** Goal of the exercise **
From the records below, please repeat exactly the line that has "1、在本站下载安装并打开国海", the line that has "Orecchini caratterizzati da", and every line between them, and nothing else.

** Data records **

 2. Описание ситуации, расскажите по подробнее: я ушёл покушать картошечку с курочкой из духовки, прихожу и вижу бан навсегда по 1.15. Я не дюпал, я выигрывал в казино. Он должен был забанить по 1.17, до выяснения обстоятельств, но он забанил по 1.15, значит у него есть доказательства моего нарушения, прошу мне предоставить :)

* * *

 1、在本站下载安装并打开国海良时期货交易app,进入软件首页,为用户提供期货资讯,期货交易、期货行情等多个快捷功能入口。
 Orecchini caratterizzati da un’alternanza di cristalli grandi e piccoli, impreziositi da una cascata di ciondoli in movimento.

** Task solution **
 1、在本站下载安装并打开国海良时期货交易app,进入软件首页,为用户提供期货资讯,期货交易、期货行情等多个快捷功能入口。
 Orecchini caratterizzati da un’alternanza di cristalli grandi e piccoli, impreziositi da una cascata di ciondoli in movimento.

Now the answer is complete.